REZENSION

Boy Harsher „Careful“

Boy Harsher „Careful“

Rezension

Album // Nude Club Records

Liebe, Sex und Zärtlichkeit haben schon viele um den Verstand gebracht. Außerordentlich Kluge ebenso wie mental weniger großzügig Bemittelte. Gleiches gilt für Leid, Lust und Leidenschaft. Beide oftmals unselig wirkende Dreieinigkeiten gingen auch an Boy Harsher nicht spurlos vorüber.

Jae Matthews und Gus Muller verbindet seit Jahren eine Beziehung, die über rein Berufliches hinausgeht. Zeitweise gefährdeten persönliche Unstimmigkeiten die gemeinsame musikalische Karriere. Es gab Tage, an denen die beiden nicht miteinander sprachen. Matthews ließ sich einst sogar das Wort Careful tätowieren. Es war eine Botschaft, genauer gesagt eine Warnung vor den zerstörerischen Kräften der Liebe.

Wirklichkeitsflucht ist (k)eine Lösung

Mit den Arbeiten an ihrem zweiten Album änderte sich manches. Careful sollte fortan keine Warnung mehr sein, sondern die Verarbeitung persönlicher Schicksalsschläge symbolisieren, mit denen Matthews und Muller in ferner und jüngerer Vergangenheit konfrontiert wurden. Jaes Vater starb, als sie fast noch ein Kind war, ihr Stiefvater verlor 2017 sein Leben.
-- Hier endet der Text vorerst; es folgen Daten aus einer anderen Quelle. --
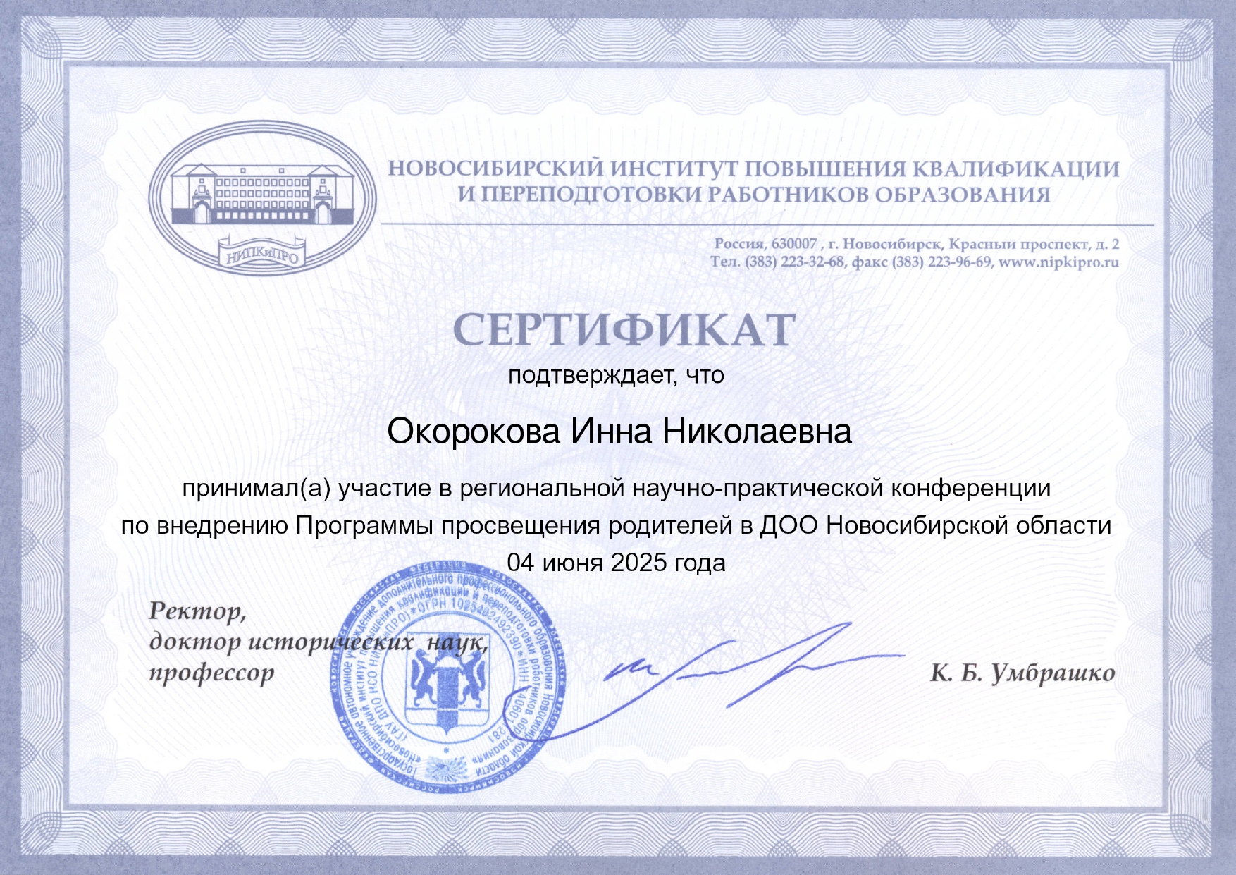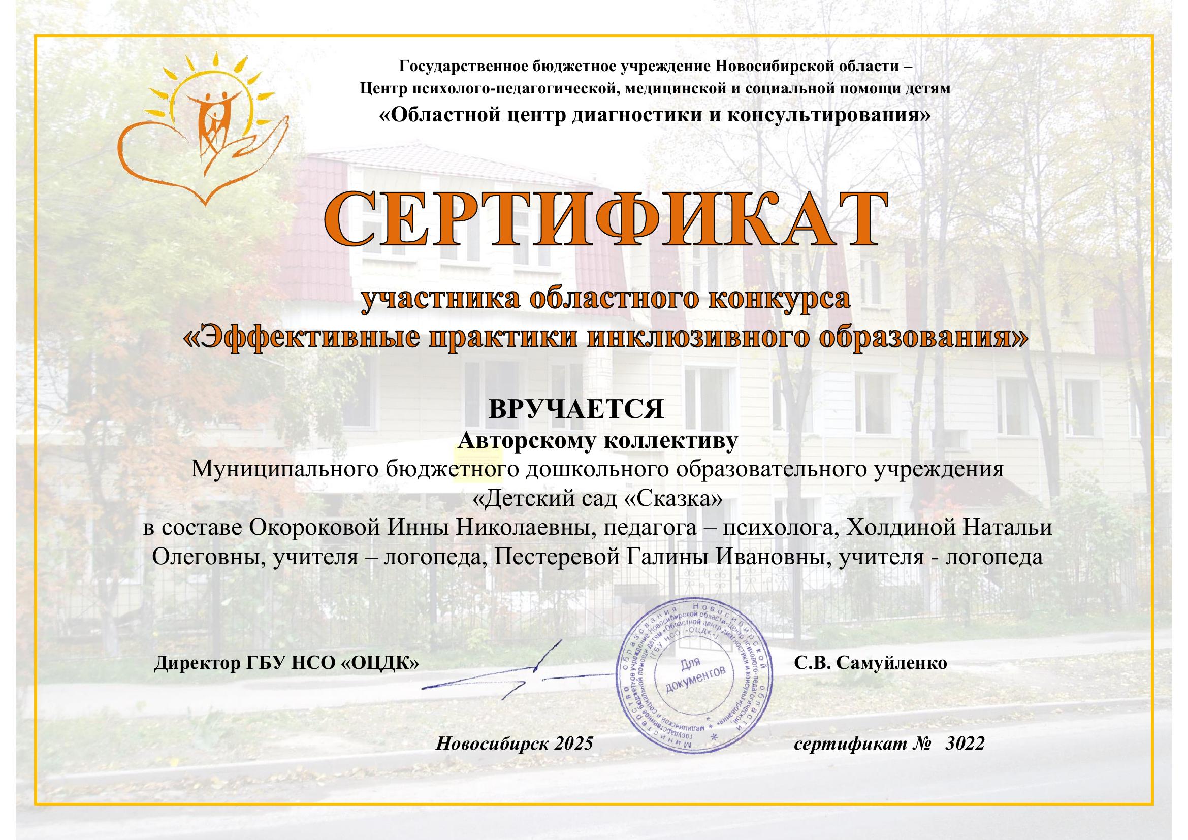Сертификат делегата III съезда дефектологов Новосибирской области
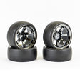 FASTRAX 1/10 (4) DRIFT D1 TYREw/9MM 6-SPOKE WHEEL- BK CHROME
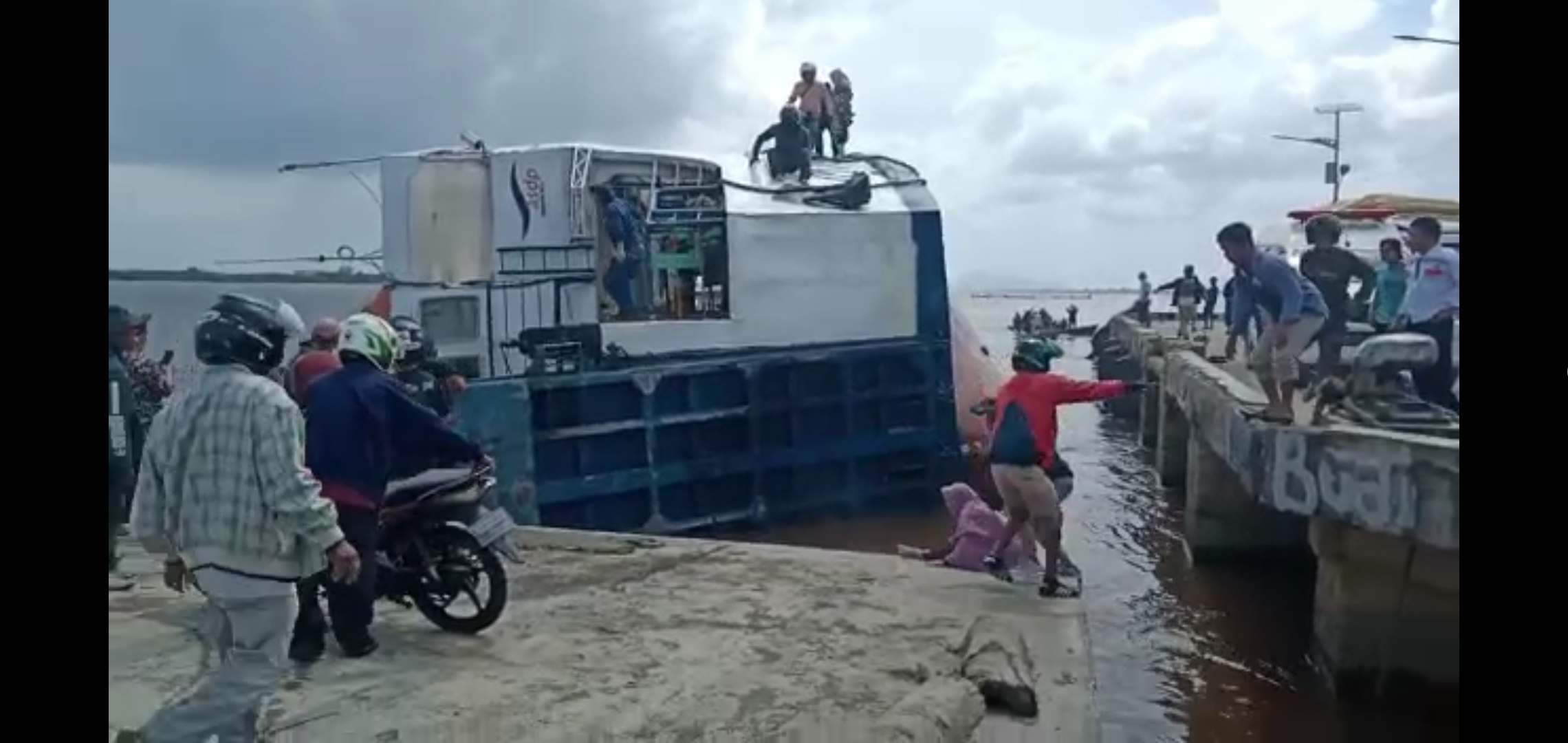 Feri KMP Bili Terbalik di Dermaga Perigi Piai Sambas
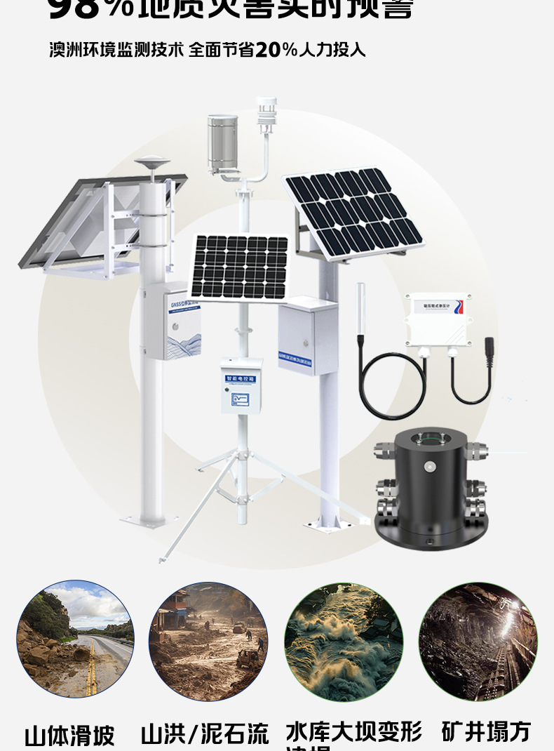 Геологический гидрологический монитор Солнечная беспроводная многопараметрическая система геологического гидрологического мониторинга Монитор наводнений и лandslide
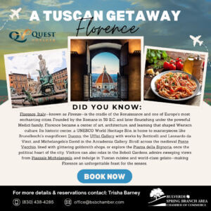 Join the Bulverde Spring Branch Area Chamber for an Unforgettable Journey to Tuscany with an Exclusive Extension to Rome – Departing November 1, 2026!
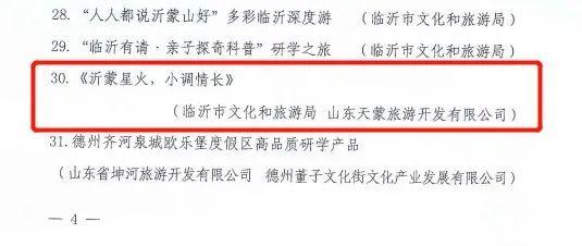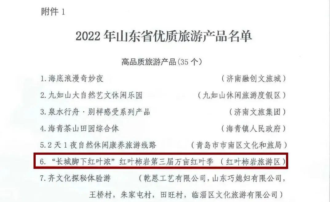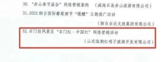 天蒙景区《沂蒙星火,小调情长》、红叶柿岩旅游区“长城脚下红叶浓”第三届万亩红叶季入选2022年太阳集团tcy8722山东省优质旅游产品名单;石门坊景区“石门红·中国红”网络营销活动入选2022年太阳集团tcy8722山东省文旅网络营销优秀案例产品名单。

Kurz darauf erkrankte Jaes Mutter, eine Alkoholikerin, an einer Demenz. Den langsamen Abschied von ihr bezeichnet Matthews als einen Prozess chronischen Leidens.
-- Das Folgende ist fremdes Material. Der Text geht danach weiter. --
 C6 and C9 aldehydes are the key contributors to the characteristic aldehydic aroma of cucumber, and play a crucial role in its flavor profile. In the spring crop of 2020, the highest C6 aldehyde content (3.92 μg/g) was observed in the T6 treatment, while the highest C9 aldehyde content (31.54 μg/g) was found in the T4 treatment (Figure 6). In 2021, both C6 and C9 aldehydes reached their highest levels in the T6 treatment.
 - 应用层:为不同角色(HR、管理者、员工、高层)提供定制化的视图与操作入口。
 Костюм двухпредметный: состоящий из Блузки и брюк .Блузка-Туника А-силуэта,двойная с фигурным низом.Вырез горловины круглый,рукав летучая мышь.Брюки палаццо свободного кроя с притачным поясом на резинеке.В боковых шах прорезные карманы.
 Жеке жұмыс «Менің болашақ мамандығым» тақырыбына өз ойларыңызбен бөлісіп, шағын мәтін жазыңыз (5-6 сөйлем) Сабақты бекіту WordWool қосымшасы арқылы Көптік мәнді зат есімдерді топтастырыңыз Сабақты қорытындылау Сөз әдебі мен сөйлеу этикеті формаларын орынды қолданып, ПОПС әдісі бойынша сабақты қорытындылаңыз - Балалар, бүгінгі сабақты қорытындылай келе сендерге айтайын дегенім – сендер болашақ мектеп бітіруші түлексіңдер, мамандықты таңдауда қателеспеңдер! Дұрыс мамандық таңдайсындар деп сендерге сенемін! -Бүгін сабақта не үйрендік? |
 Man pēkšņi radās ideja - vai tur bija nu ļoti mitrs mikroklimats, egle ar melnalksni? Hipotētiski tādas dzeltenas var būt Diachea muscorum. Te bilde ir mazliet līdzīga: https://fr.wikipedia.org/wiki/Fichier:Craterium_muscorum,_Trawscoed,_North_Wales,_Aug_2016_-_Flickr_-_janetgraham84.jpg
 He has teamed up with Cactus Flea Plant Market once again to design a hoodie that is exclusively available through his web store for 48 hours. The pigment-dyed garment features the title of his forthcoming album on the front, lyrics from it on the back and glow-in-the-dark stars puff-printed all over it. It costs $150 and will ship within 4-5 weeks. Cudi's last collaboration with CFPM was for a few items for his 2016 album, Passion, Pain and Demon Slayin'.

Mit dem Ende bzw. den Wandlungen dieser schwierigen familiären Beziehungen änderte sich das musikalische Selbstverständnis der Band, die zur selben Zeit damit begann, die Weichen für ihr zweites Album zu stellen. Die genannten Probleme beeinflussten den kreativen Prozess, und so wurde Careful zu dem, was es ist: ein Album, dessen Songs die Geschichte zerrütteter Beziehungen erzählen. Ein musikgewordener Impuls, allem und jedem zu entfliehen. Hätten Boy Harsher nicht längst einen Song namens Pain geschrieben und veröffentlicht, wäre es jetzt an der Zeit, dies zu tun.
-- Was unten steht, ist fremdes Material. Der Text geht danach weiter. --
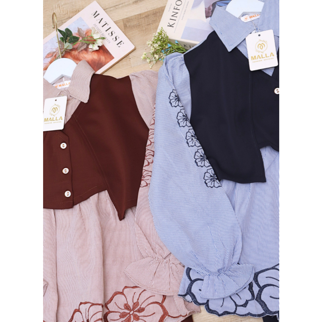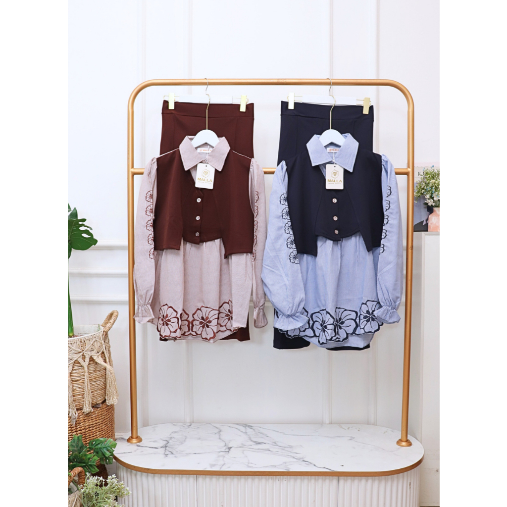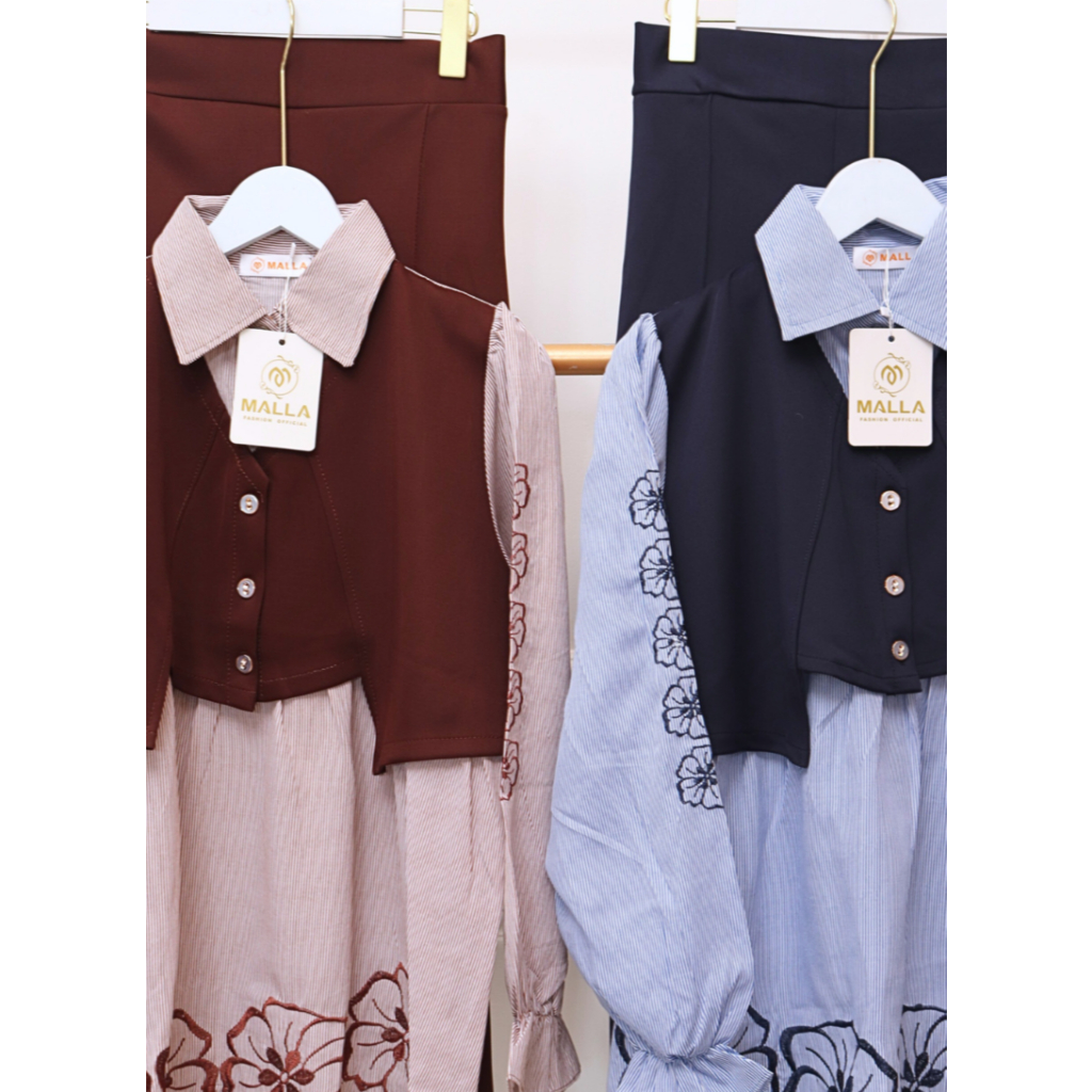 Missolla—Madamemalla Andina Setelan Celana Salur Vest Scuba Katun Fashion Muslim
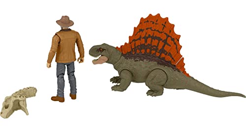 Jurassic World Dominion Dr Alan Grant & Dimetrodon Human and Dino Pack con 2 action figures, set regalo giocattolo e collezione
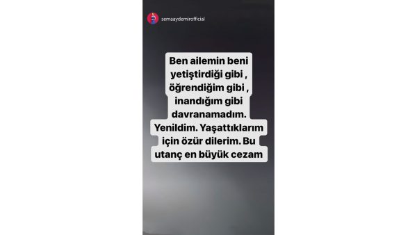 Sema Aydemir, Survivor'dan diskalifiye olmasının ardından 1.9 milyon takipçisi bulunan sosyal medya hesabının hikayeler bölümünden ilk paylaşımını yaptı. Ünlü isim, mesajında şu ifadelere yer verdi:
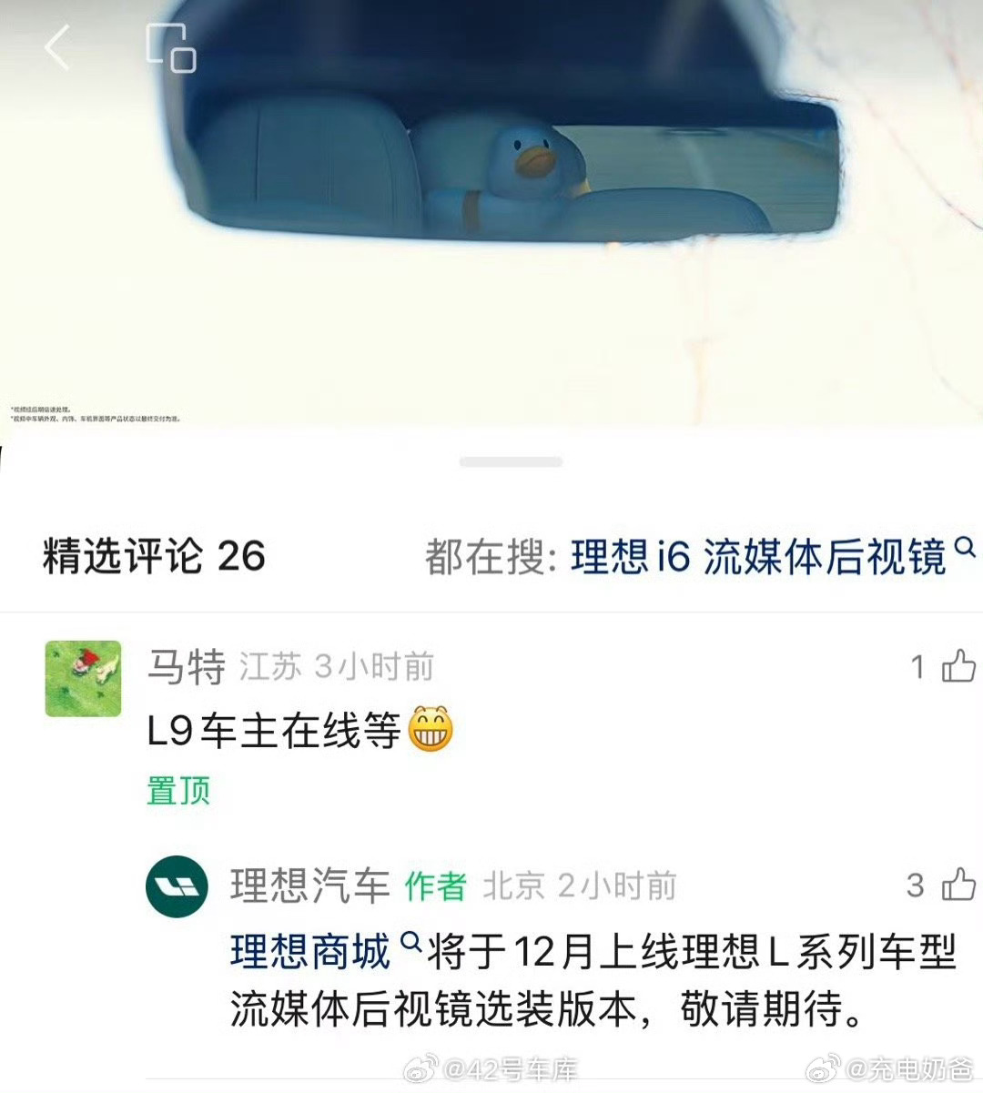 1.公布理想 i6 等车关怀方案:对于因我方原因超期交付的用户,我们将提供600积分/日的补偿,并对已提车用户进行追溯。2.流媒体后视镜选装方案将于 12 月上线 L 系列,大家会选吗?理想汽车

Klanglich unterscheidet sich Careful kaum von früheren Boy-Harsher-Veröffentlichungen. Die Band setzt weiterhin auf ebenso repetitiven wie düsteren und tanzbaren, minimalistisch arrangierten Synth Wave. Inhaltlich widmen sich Jae und Gus jedoch einer anderen Art von Schmerz als bisher. Nachdem sich auf der EP Lesser Man und auf dem Debütalbum Yr Body Is Nothing vieles um emotionale Reaktionen auf vergangene Ereignisse drehte, richten Boy Harsher den Blick jetzt nach vorn. Jae und Gus verstehen Careful als eine Beschreibung jener Gegensätze, ohne die Liebe nicht auskommt: Angst und Freude, Zärtlichkeit und Schmerz.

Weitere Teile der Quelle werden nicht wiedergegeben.